Tentative Schedule of Topics
Please bookmark the Algorithms Unlimited textbook website to select and watch individual videos. Where necessary, I will provide alternative references, notes and video clips.
|Week||Topics||Textbook Sections||Weekend Assessment|
|1||Arrays; Linked lists; Stacks & Queues|
|2||Recursion; Binary Trees; Mergesort||Appendix A; Sec. 1.1 – 1.6||Test 1|
|3||Asymptotic Notation||Sec. 2.1 – 2.5|
|4||Divide and Conquer||Sec. 3.1 – 3.3||Test 2|
|5||Master Theorem; Quicksort||Sec. 4.1 – 4.3; Sec. 5.1 – 5.3|
|6||Random Quicksort; Hashing||Appendix B; Sec. 5.4 – 5.5; Sec. 12.1 – 12.4||Test 3|
|7||Heaps||Sec. 10.1 – 10.3; 10.5|
|8||Search Trees; Treaps||Sec. 11.1 – 11.3||Test 4|
|9||Graphs; Breadth-First Search||Sec. 7; Sec. 8.1 – 8.3|
|10||Depth-First Search||Sec. 8.4 – 8.6||Test 5|
|11||Dijkstra’s Shortest-Path Algorithm||Sec. 9; Sec. 10.4|
|12||Minimum Spanning Trees||Sec. 15 (except 15.6)||Test 6|
|13||Dynamic Programming||Sec. 16.1 – 16.4|
|14||Dynamic Programming||Sec. 16.5; Sec. 17.1||Test 7|
There are lots of supplemental textbooks on algorithms and data structures;
among them, the following are recommended for additional reading and practice:
Problem Solving with Algorithms and Data Structures using Python, 2nd. edition by Miller & Ranum; published by Franklin, Beedle and Associates Inc. (2011).
Algorithms Unplugged, by Thomas Cormen; The MIT Press (2013).
Algorithms by Dasgupta, Papadimitriou and Vazirani; McGraw-Hill Education (2006).
Introduction to Algorithms (3rd edition) by Cormen, Leiserson, Rivest and Stein; The MIT Press (2009).
For additional videos, MIT’s 6.006 Course (Fall 2011) playlist is based on the textbook by Cormen et al. listed above.
The overall grade will be apportioned as follows:
- 35% Weekend Tests (omit worst grade out of 7)
- 30% Homework (omit worst 2 grades)
- 30% Weekly In-Class Assessments (omit worst 2 grades)
- 5% Discussion participation
Since I will be dropping the worst grades for each category of assessment (other than Discussions), there will be no makeup opportunities.
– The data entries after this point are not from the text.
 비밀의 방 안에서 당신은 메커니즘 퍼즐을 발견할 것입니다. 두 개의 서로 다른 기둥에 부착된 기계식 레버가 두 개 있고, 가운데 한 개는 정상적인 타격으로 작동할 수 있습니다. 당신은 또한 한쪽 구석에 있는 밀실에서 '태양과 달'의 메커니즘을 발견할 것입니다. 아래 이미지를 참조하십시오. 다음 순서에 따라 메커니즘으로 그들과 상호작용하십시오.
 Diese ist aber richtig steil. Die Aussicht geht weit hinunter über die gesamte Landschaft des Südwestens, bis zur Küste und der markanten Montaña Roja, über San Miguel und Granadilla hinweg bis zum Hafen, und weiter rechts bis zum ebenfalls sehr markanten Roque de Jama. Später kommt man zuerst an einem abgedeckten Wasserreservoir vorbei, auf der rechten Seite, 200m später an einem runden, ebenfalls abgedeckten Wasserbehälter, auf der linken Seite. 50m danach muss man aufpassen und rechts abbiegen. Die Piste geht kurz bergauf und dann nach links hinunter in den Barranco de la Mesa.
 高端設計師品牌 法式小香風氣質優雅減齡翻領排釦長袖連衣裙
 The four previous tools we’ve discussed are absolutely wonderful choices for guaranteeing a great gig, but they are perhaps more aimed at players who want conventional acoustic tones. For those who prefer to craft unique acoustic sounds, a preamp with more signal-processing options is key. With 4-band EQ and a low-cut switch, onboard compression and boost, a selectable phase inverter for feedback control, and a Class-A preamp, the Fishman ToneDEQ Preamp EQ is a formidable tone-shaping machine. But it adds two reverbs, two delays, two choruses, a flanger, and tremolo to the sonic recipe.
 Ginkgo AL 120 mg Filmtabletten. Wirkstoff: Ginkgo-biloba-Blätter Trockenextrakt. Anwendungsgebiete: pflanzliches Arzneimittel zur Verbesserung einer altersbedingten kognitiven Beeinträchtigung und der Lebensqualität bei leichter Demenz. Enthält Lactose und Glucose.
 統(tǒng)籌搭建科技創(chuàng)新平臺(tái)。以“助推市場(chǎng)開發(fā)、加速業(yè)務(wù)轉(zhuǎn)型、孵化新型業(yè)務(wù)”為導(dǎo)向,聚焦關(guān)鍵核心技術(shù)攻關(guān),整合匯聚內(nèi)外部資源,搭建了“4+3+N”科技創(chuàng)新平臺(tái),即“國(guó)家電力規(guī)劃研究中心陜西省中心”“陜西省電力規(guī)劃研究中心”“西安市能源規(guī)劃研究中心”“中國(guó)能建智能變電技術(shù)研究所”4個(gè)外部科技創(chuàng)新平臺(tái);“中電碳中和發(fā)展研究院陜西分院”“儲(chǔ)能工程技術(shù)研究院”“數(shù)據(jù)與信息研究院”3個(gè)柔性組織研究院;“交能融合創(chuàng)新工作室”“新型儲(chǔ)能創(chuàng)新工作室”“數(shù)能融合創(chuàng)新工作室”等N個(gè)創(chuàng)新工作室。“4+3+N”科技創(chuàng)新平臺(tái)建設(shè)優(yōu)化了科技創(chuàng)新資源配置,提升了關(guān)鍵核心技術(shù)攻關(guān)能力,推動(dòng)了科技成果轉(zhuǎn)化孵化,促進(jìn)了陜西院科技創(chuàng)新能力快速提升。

Late submission of homework problem sets will generally not be entertained except in the case of a verifiable, documented emergency (medical or personal). If there are medical reasons for requiring special accommodation, e.g., extra time on the in-class or weekend assessments, please obtain the relevant documents from the Division of Student Affairs.
Letter grade rubric
I generally use (with some minor variation at my discretion) the following rubric:
- an A grade for overall points above 85%
- a B+ grade in the range 75 – 85%
- a B grade in the range 65 – 75%
- a C+ grade in the range 60 – 65%
- a C grade in the range 50 – 60%
Anything below 50% is considered unsatisfactory (either a D or F grade).
Student collaboration and online discussions on Canvas are certainly encouraged. However, unless noted otherwise, any required submission that will be graded (quizzes, homework, exams) and any other normative assessment must be completed individually without any external assistance (that specifically means not using someone outside class to do your work, or obtaining solutions from the internet, a book or someone else in class). “Copying” from someone else especially without citation or allowing your work to be copied by others constitutes cheating, as does plagiarism from sources including books and the web.
Any violations of academic integrity will be dealt with immediately and severely as per the Rutgers Academic Integrity Policy and Student Code of Conduct. Please read and understand the policy carefully!